Basic UVM testbench for a Stream Processor
This is a from-scratch UVM testbench for testing stream processor type components. I have several projects more suited to custom stream processing and/or parallel processing than general purpose CPU computing, and this testbench is the basis for verifying those hardware components.
This testbench comes with a simple "Hello world detector" DUT. The DUT calculates the correlation coefficient of substrings v.s. the reference string "Hello world". The testbench uses virtual hierarchical sequences, constrained randomized transactions, a scoreboard that compares out-of-order process completion, and a reference model in C integrated via the DPI.
The most recent testbenches are on EDAplayground here:
for the single processor unit testbench.
Acknowledgments
Thank you to the folks running and supporting EDA Playground. I couldn't have simulated without you.
A thank you to the folks running and supporting WaveDrom for a truly awesome tool. All the timing diagrams in the specification were drawn with WaveDrom. The json files for all the waveforms are here: wavedrom directory
Overview
I have a need for some computational resources, so of course I'll want to test those designs before I commit them to even an FPGA build. The UVM testbenches here provide that testing capability. Loosely described, at the top level these resources look like a peripheral or coprocessor that takes what you feed it and provides results some time later. The simplest picture might be this one:
Those aren't D-sub-zeros in the diagram. It's "do this" and "do that" and "do the other thing". One writes records containing the kernel function command and the data to operate on ("do function X on data set Y") into one end of the resource via a write channel, and results are available at the other end via a read channel when the computation is complete. This class of computational units is known as Stream Processors (SPs).
There is no need (yet) to support any standard interface so I settled on a generic and pleasantly simple interface for the Stream Processor resource. On the outside it looks like a dual-port memory, albeit with "ready" outputs. On the inside it potentially changes the data written.
Here is a diagram of the interface. The interface is fully described in the specification.
What is hidden behind the SP interface is an array of processing units, oneprocs, that implement the kernel functions.

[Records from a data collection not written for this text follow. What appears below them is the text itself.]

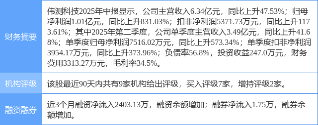 2025年8月21日,中邮证券研究员吴文吉,翟一梦发布了对伟测科技的研报《车规、算力驱动增长,持续扩充高端测试产能》,该研报对伟测科技给出“买入”评级。研报中预计公司2025-2027年分别实现营收15.62/20.03/25.04亿元,实现净利润2.51/3.55/4.99亿元,维持“买入”评级。证券之星数据中心根据近三年发布的研报数据计算,该研报作者对此股的盈利预测准确度为73.9%。
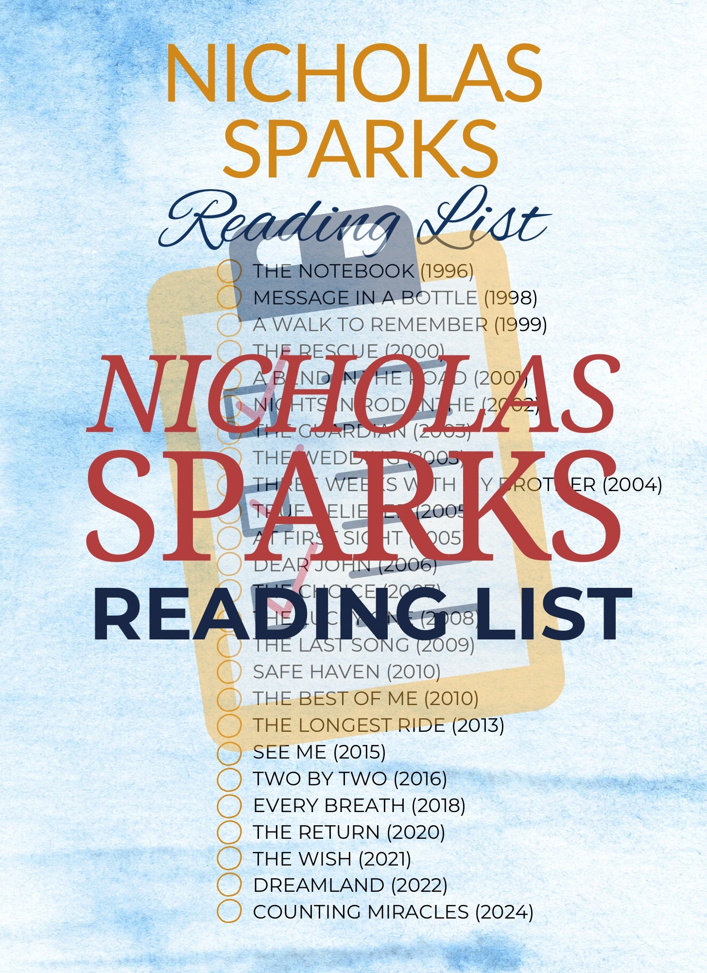 This handy printable allows you to easily check off each book as you read it, ensuring you never miss a title. Whether you’re a seasoned Sparks fan or just starting to explore his writing, this list will help you stay organized and on top of your reading goals.
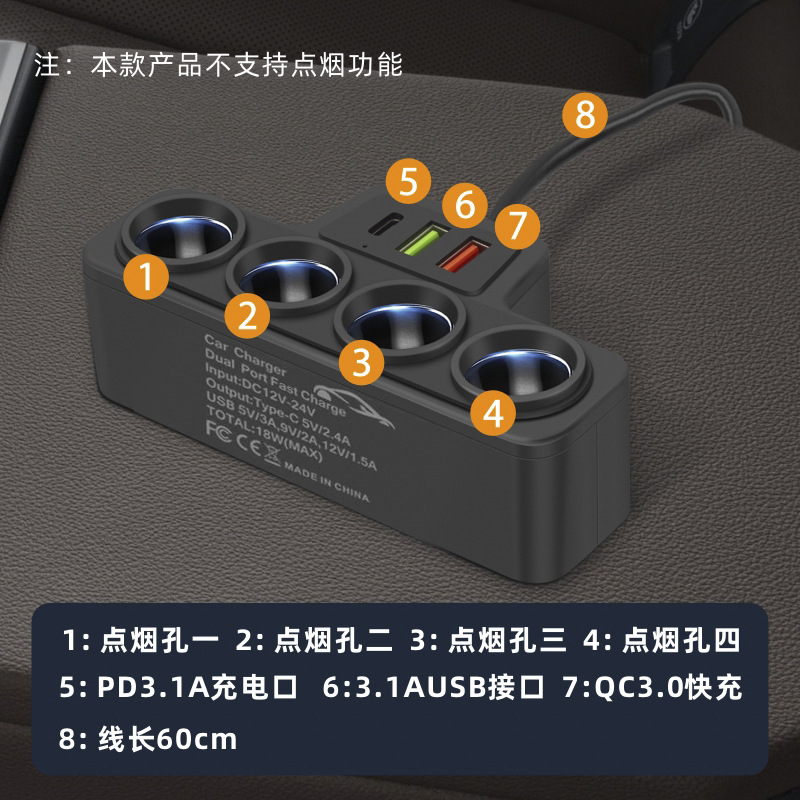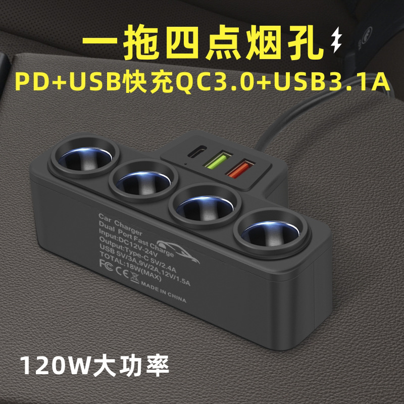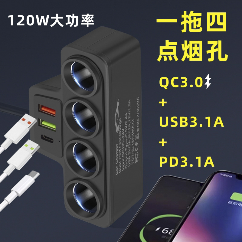 2024 новая автомобильная зарядка автомобиля прикуриватель один на четыре с QC3.0 USB PD интерфейс быстрой зарядки 12V24V универсальный
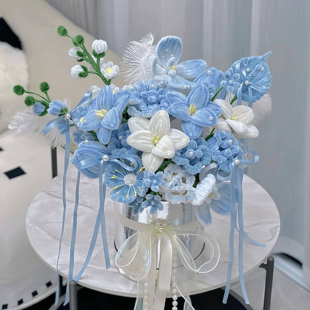 Create a stunning floral arrangement in an adorable container! This complete kit contains premium chenille stems and a reusable "hug bucket" to craft a bountiful, everlasting bouquet.

Oneproc units are assigned on a whoever's available next basis. The testbench described in this project is designed to be rapidly adapted to whatever functions I put in the resource and whatever use model I adopt per project. If I need a different function, I add it to the oneproc's capability. If I need more computational power, I add more oneprocs. From the outside it looks exactly the same.
Here is a block diagram of how the resource will sit in the final system. The BIU converts the SP's interface to the native bus interface of the system it is placed into. The particular SP used in this project only operates on data written to its internal memory so it does not require an external memory as shown in blue. Larger data sets will naturally reside in memory and the oneproc units will address that external data independently.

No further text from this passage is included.